The term, which is purely dependent on the contact angle, is always less than 1, so that it becomes apparent at this point that the heterogeneous nucleation requires less activation energy than the homogeneous nucleation.

For a contact angle of \(\Theta\)=90° the nucleus is a hemisphere and the wetting factor has the value \(f(\Theta)\)=0.5. In this case, the nucleus requires only half the activation energy. After all it has only half as much volume as a spherical nucleus during homogeneous nucleation.

Wetting-factor as a function of the contact angle
Figure: Wetting-factor as a function of the contact angle

With larger contact angles, the wetting factor increases more and more. At an angle of \(\Theta\)=180°, the wetting factor finally reaches its maximum of 1. the spherical cap has become a complete sphere that no longer wet the wall. As a special case, the homogeneous nucleation is then obtained!

Conversely, very small wetting factors are obtained for small contact angles, i.e. for very strong wetting. As a result, the activation energy required for nucleation is greatly reduced. With a smaller contact angle and the same critical radius, the volume of the nucleus also decreases considerably. It will then no longer be necessary to provide as many atoms for nucleation.

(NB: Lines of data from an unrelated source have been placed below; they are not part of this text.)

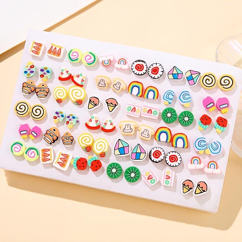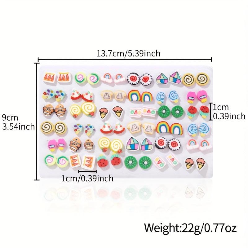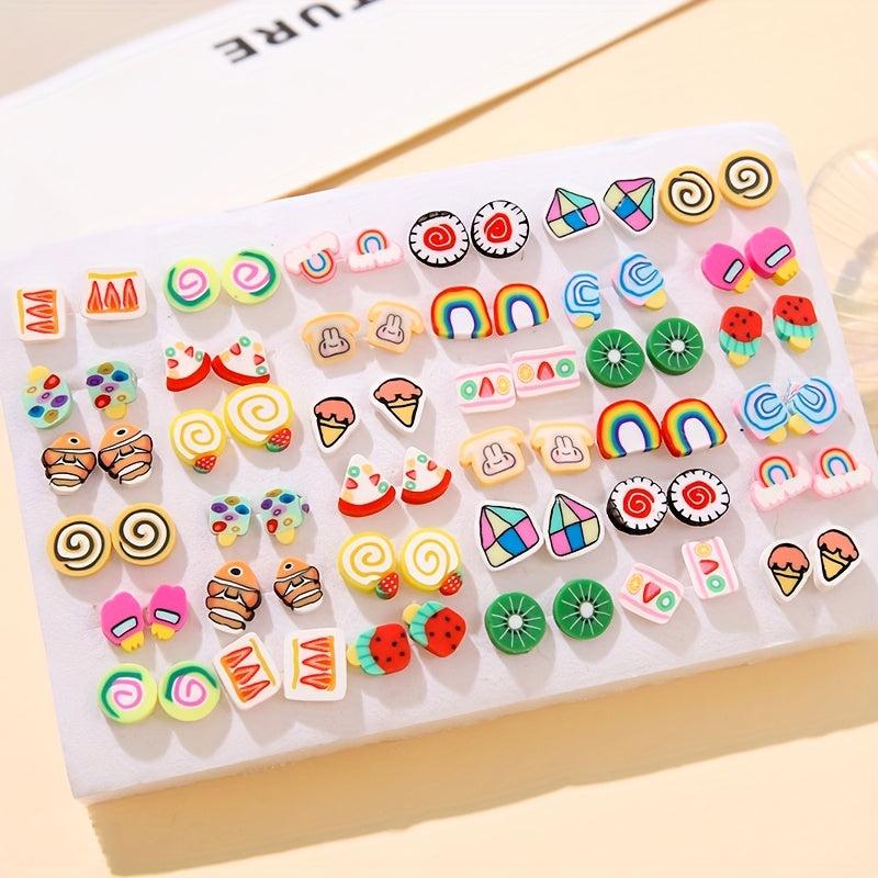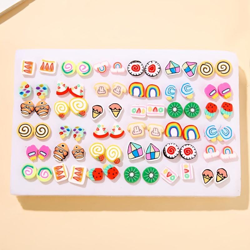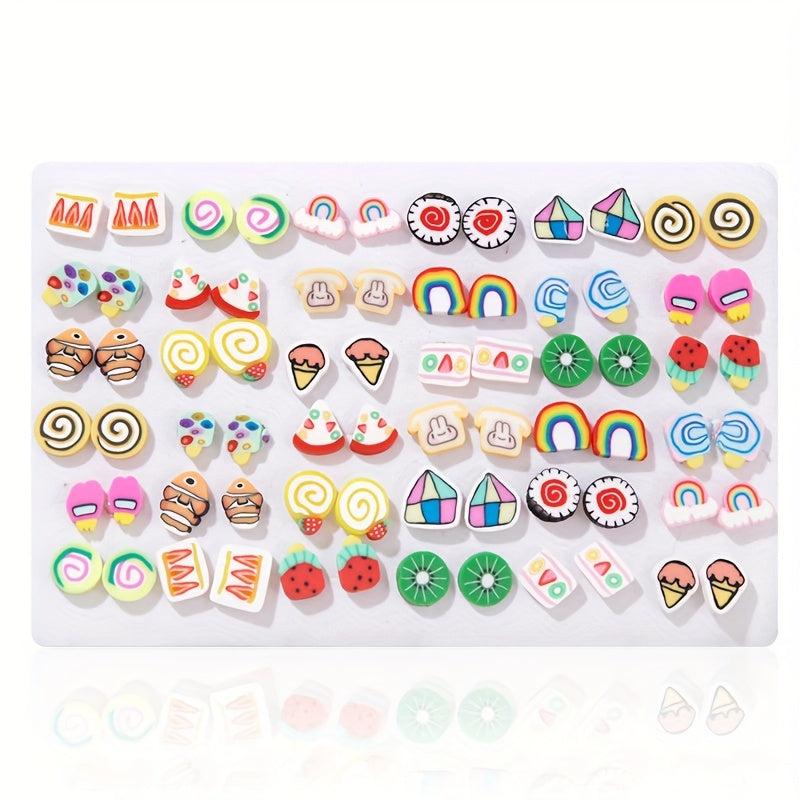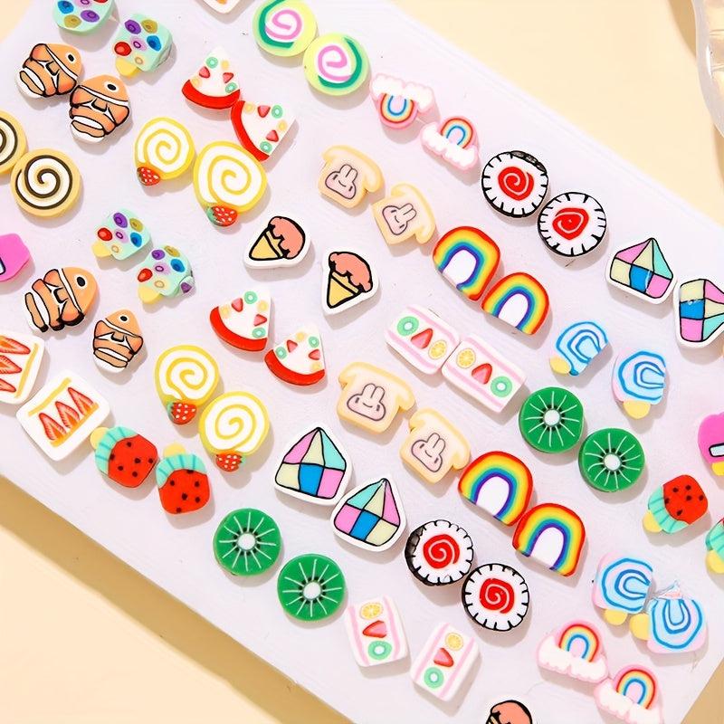 This set includes 72 sweet fruit pastry pattern clay earrings, perfect for daily wear or gifting to someone special.
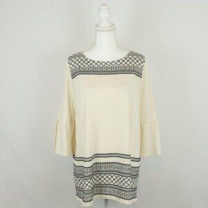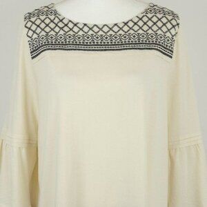 J. Jill Women's Large Petite Cream Black Embroidered Bell Sleeve Knit Blouse
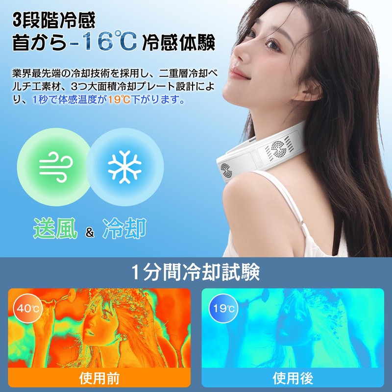 - 【1S Rapid Cooling with Advanced Semiconductor Technology】This neck fan combines the fan wind and cooling plate that touches the neck to keep you comfortable. Instantly delivers a powerful cooling sensation from the neck to the entire body, and the temperature of your body decreases to -16 degrees Celsius. This neck fan is a great way to keep the heat out of the office, housework, work or school! Stay cool in the hot summer with a neck fan! It is a must-have item for heat prevention, and it makes a great gift for Father's Day, Mother's Day, birthdays, celebrations, anniversaries, etc
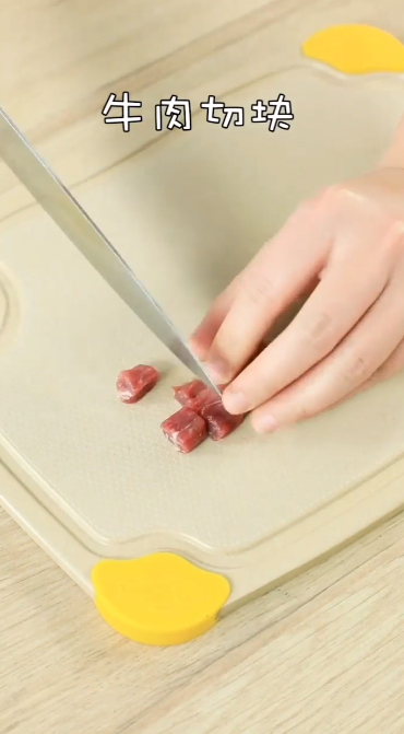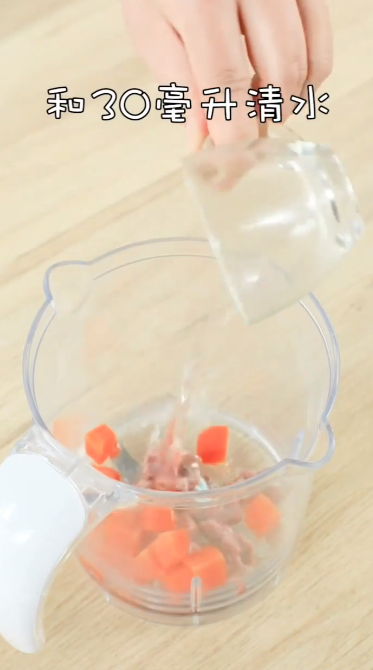 7辅食机中,倒入牛肉、胡萝卜、清水。
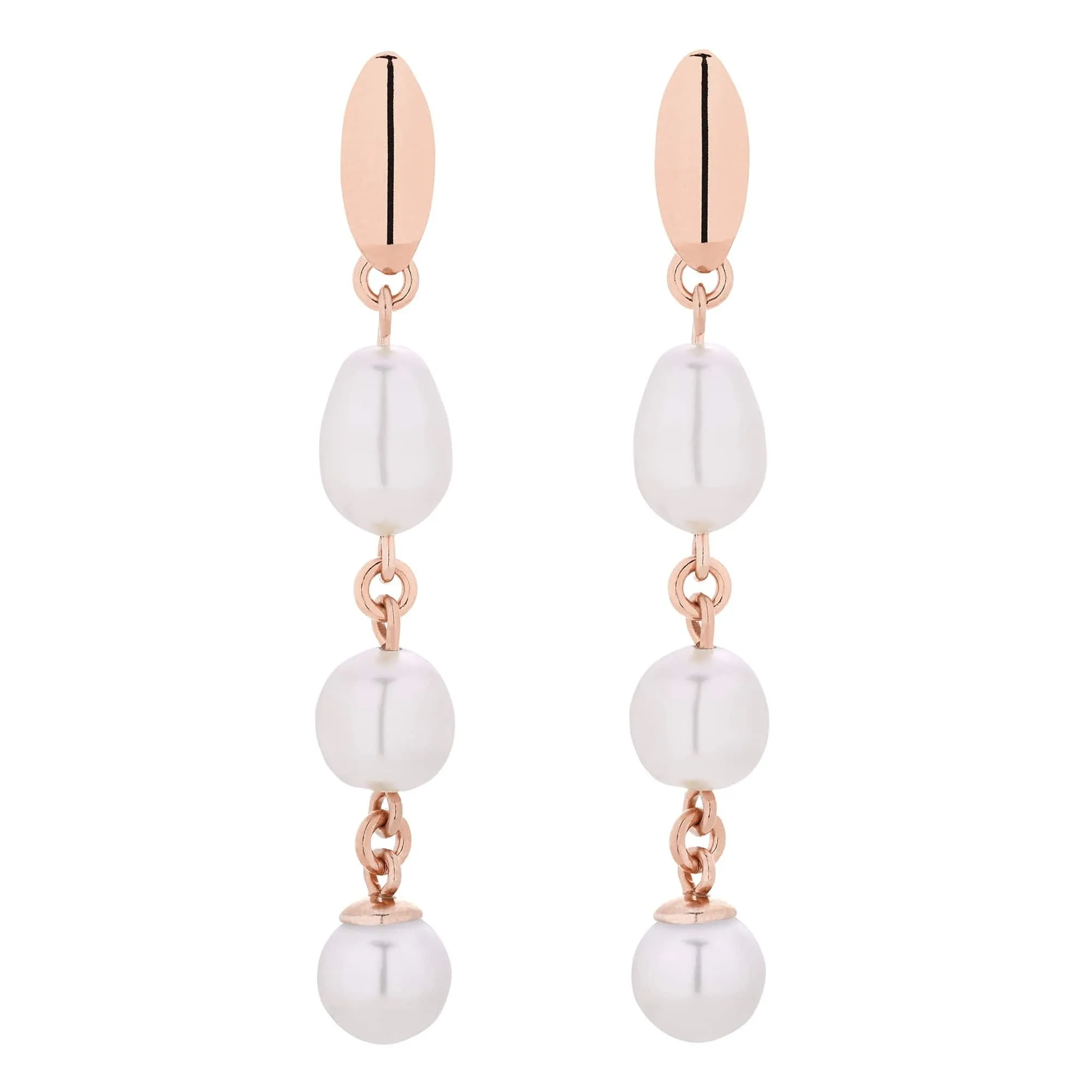 Długie kolczyki w różowym złocie z białymi perłami SWAROVSKI® CRYSTAL
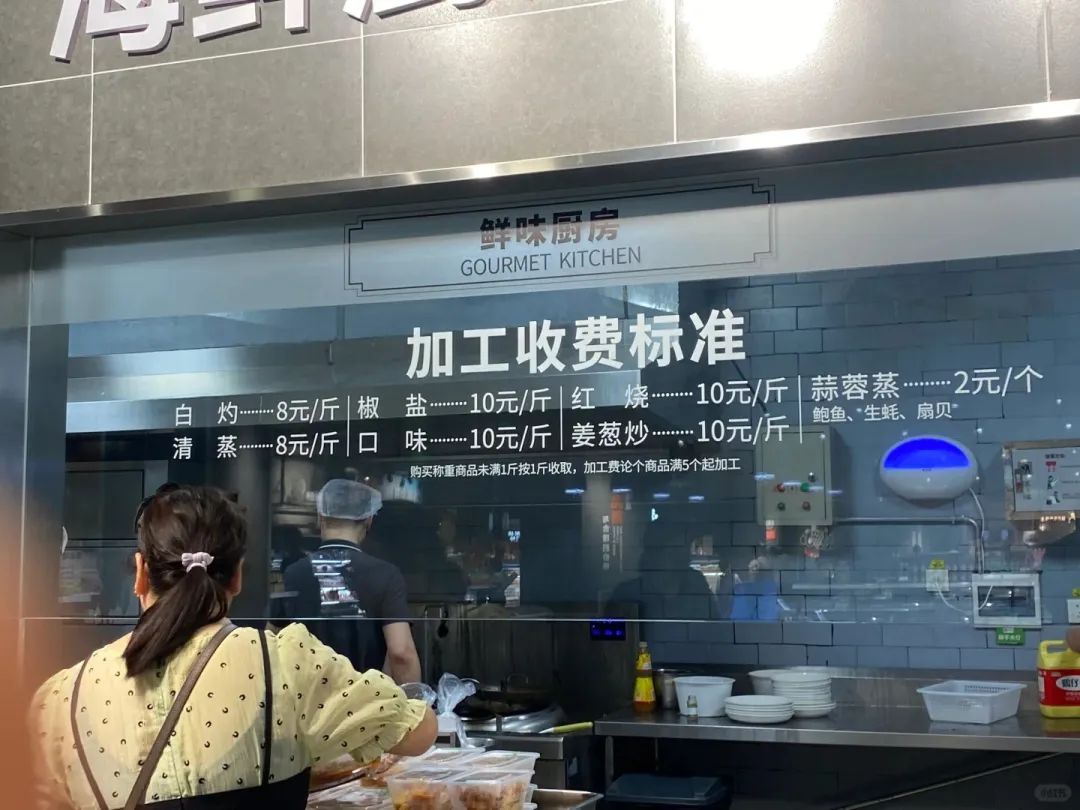 顾客在胖东来购买海鲜食材,可以直接在店内加工,收取一定的加工费。蒸、煮等简单加工一斤收费8元,炒、红烧复杂的收费10元一斤。
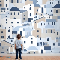 Karikatür Eski Mavi Yunan Evi Çocuk Odası Duvar Kağıdı
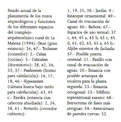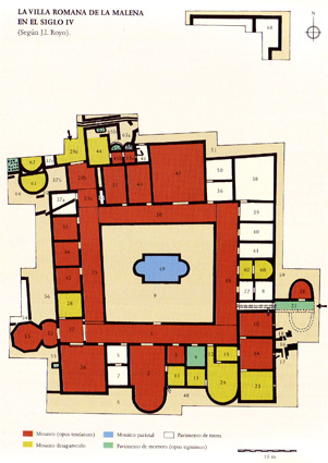 Plano de la Villa de la Malena (Azuara, Zaragoza), según ROYO GUILLÉN, José Ignacio: La Malena (Azuara, Zaragoza). Precedentes y evolución de una villa tardorromana en el valle medio del Ebro, Azuara, 2003 |
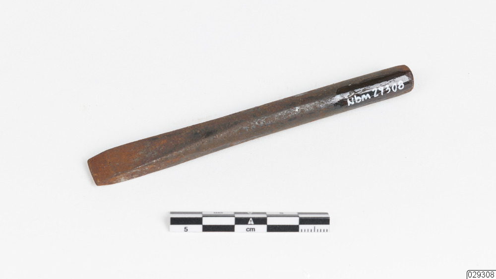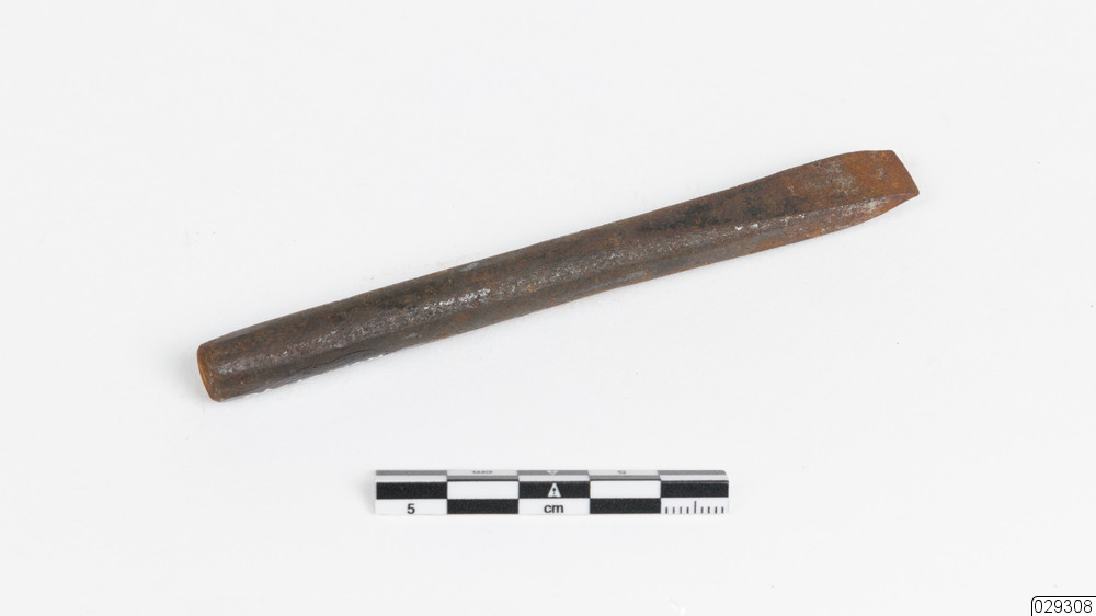 Huggjärnet består av en rund järnstång med en rak mejselegg i ena änden.

Activation energy for nucleation and critical nucleus radius for different contact angles
Figure: Activation energy for nucleation and critical nucleus radius for different contact angles

At a contact angle of \(\Theta\)=20°, for example, the required number of atoms drops from 300,000 atoms to only 800 atoms (under otherwise identical conditions) compared to the example already presented for homogeneous nucleation.

The activation energy decreases by the same factor from the original 9.510-16 J to 0.02510-16 J. Thus it becomes clear once again that heterogeneous nucleation is much more likely than homogeneous nucleation.

The heterogeneous nucleation works particularly well if the introduced foreign particles (seed crystals) or the vessel walls can be wetted very well.

When introducing seed crystals into the melt, make sure that the seed particles have a larger radius than the critical radius of nucleation. At the same time, however, there is a risk that the particles could dissolve in the hot melt before nucleation could have begun. For this reason, the seed crystals are often introduced directly into the undercooled melt during pouring.